Duke University School of Medicine, Durham, NC, USA.
Department of Pediatrics, University of North Carolina, Chapel Hill, NC, USA.
Surg Oncol. 2024 Oct;56:102127. doi: 10.1016/j.suronc.2024.102127. Epub 2024 Aug 28.
Modern systemic therapy has dramatically improved outcomes for many patients with advanced metastatic melanoma. The success of these therapies has attracted much scientific interest while these therapies have made their way into the treatment of earlier stages of disease. Randomized trials have led to the approval of adjuvant immunotherapy and targeted therapy for resected stage III melanoma.
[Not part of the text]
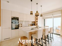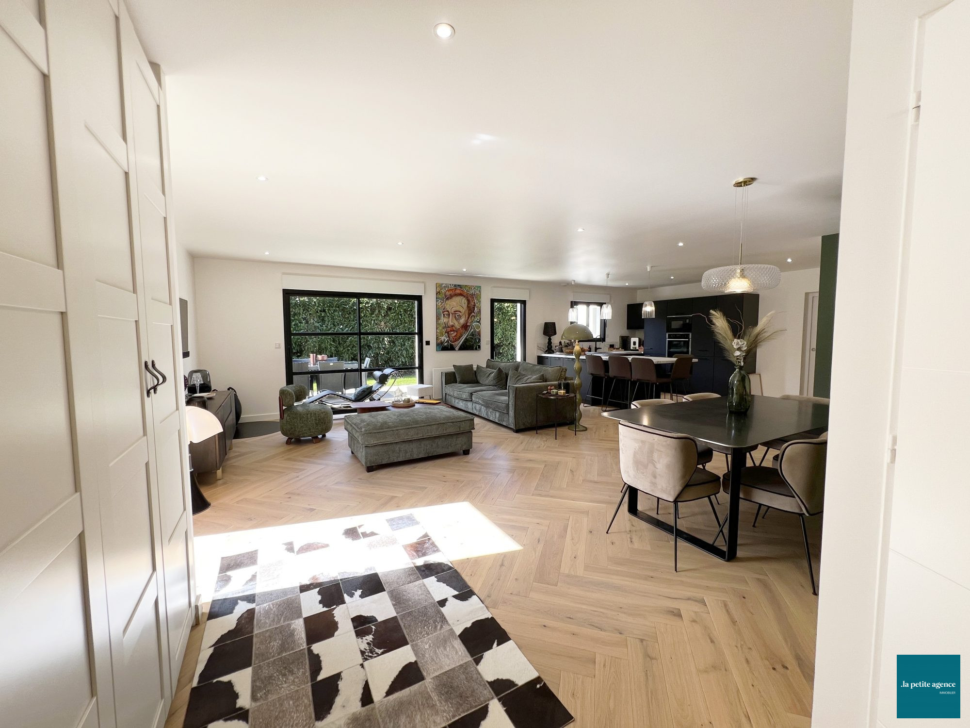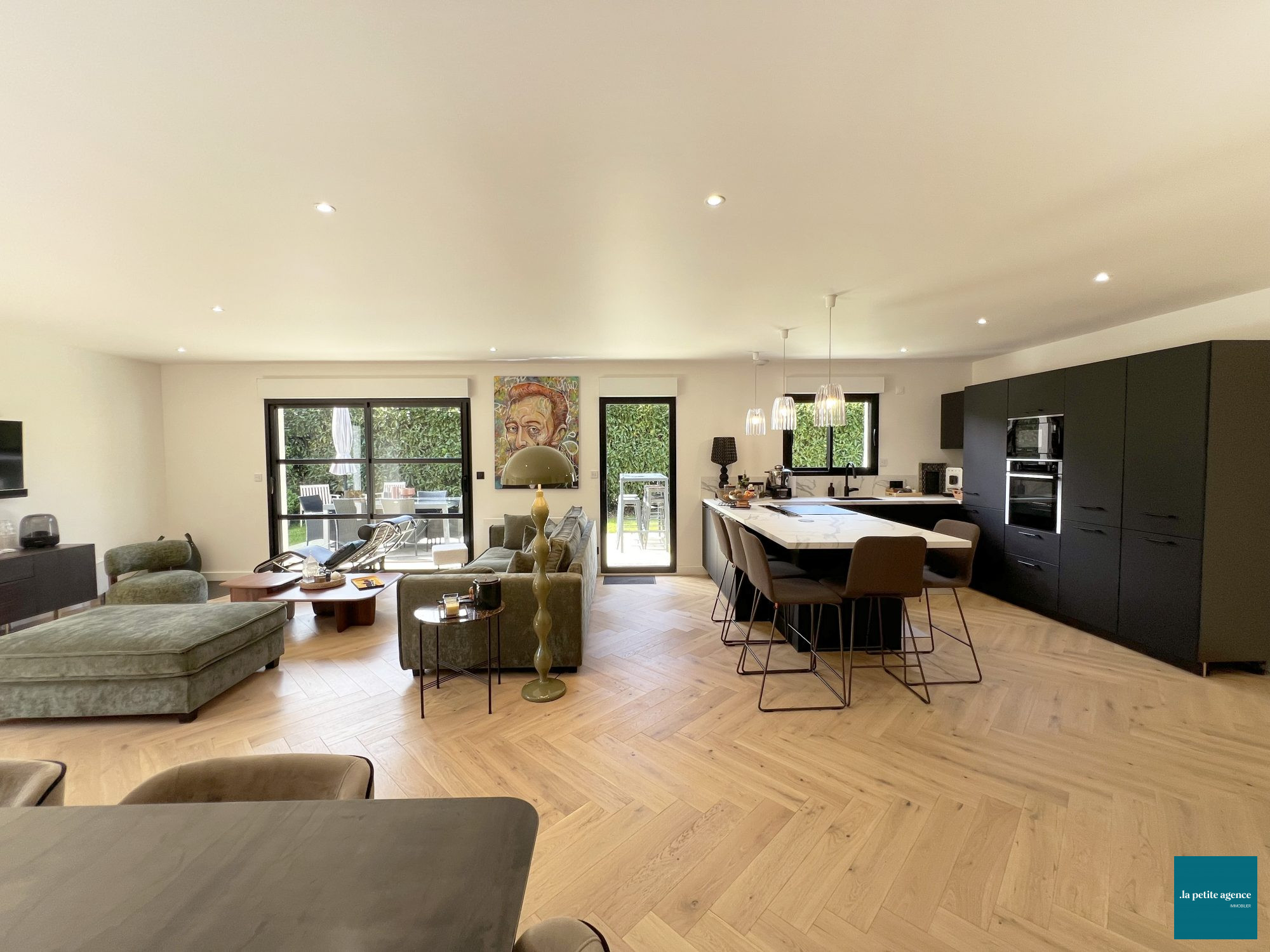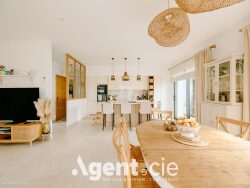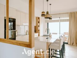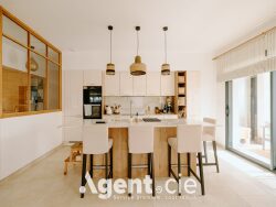 La cuisine ouverte, élégante et fonctionnelle, s'intègre harmonieusement à l'ensemble et constitue un véritable espace de partage.

However, most recently, these therapies have gained traction in the neoadjuvant setting. Promising early results led to randomized controlled trials that have now established neoadjuvant therapy as standard of care in advanced melanoma patients. Questions remain regarding the optimal choice of therapy, duration and timing of neoadjuvant therapy, extent of surgery, and the need for additional adjuvant therapy for patients who received neoadjuvant therapy. Herein we provide an overview of neoadjuvant therapy for melanoma and dilemmas to its broader applications.
现代系统疗法极大地改善了许多晚期转移性黑色素瘤患者的预后。这些疗法的成功引起了广泛的科学关注,同时也将其应用于疾病的早期阶段。随机试验导致辅助免疫治疗和针对 III 期黑色素瘤的靶向治疗获得批准。然而,最近这些疗法在新辅助治疗中也取得了进展。早期有希望的结果促使进行了随机对照试验,现在新辅助治疗已成为晚期黑色素瘤患者的标准治疗方法。关于治疗的最佳选择、新辅助治疗的持续时间和时机、手术范围以及接受新辅助治疗的患者是否需要额外的辅助治疗等问题仍存在争议。本文综述了黑色素瘤的新辅助治疗及其广泛应用所面临的困境。